Julia Cameron, author of The Sound of Paper and The Artist’s Way, came up with the brilliant concept of unloading the hamster wheel cycle of concerns on three “morning pages.” The task? Wake up. Do what you need, but sit down — take your pen and paper or put your fingers to the keyboard and let it all unfold. Write — about how the whole idea of putting down your thoughts at the break of down without coffee is crap, or how you’ve finally decided today is the day you will stick to your guns and say no.

You release the thoughts but give them a space to live. You can always return to them.

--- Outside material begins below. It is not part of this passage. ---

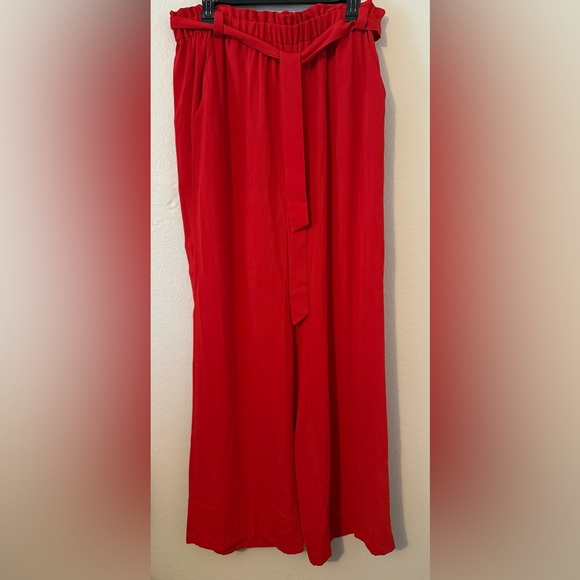 Bold red pants with gathered ruffle waistband. Easy to pair with tops for daytime or evening looks.

Regale in the simple sensory shifts of each moment — from the scent of decay leaves to the feel of a new sweater’s brush on your skin. Now, is the time to move toward comfort in your acts of self-care.

Fall Meditation and Mindfulness Practice

Fall Meditation and Mindfulness Practice

As times and seasons change, the most powerful practices you can keep involves setting aside a peaceful time where there is no agenda. Think of it as downtime for the mind, body and soul. True stability in life derives from the inner spaces of love and light in the self and your inner self as the nonjudgmental witness. Honor quiet time throughout each day to find inner balance in the chaos of activity.

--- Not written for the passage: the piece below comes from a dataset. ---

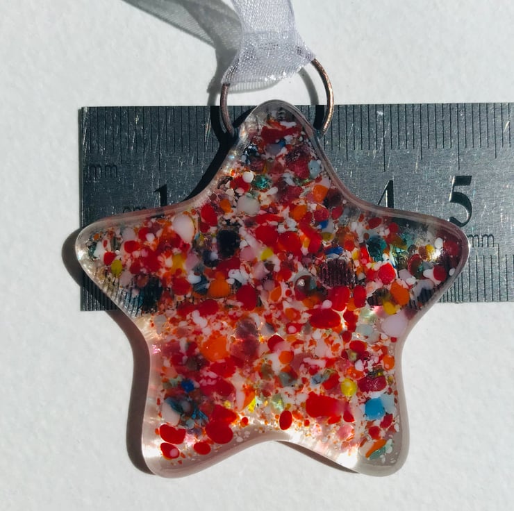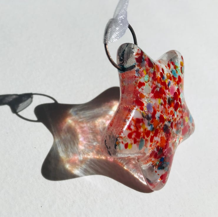 This little clear glass star is decorated with multicoloured glass frit (crushed glass) and is super cute!

Fallen away from mindful practices? The season of change makes for a great time to begin the practice again. Let the busyness of summer drift into quiet observation of the shifting fall palette. Choose a spot outdoors for a deeper experience in nature, or sit by your favorite window with a cup of tea and listen to yourself.

Finding stillness in other parts of your busy days will also streamline your day without making you feel like you constantly run on autopilot. When you take time to notice the details in one moment, this act expands into other parts of your day to increase your productivity, satisfaction and joy. Find moments to commit to small acts of meaningfulness and doing what you love, and you will finding meaning in other tasks, too — even chores. Nurture yourself and your skin with soothing coconut or olive oil after a hot soak in the tub.

At the end of a long day, practice recapitulation as a mindfulness reset to keep your brain from staying focused on worries and find rest more easily. Recapitulation simply means re-capping each day in the form of a quick reel that you witness without judgment. Close your eyes, breathe deeply and settle in comfortably. Begin with the moment of waking, and move quickly through scenes of your day’s experiences. Observe. Once you finished, ease into bed and get a well-deserved peaceful night’s sleep.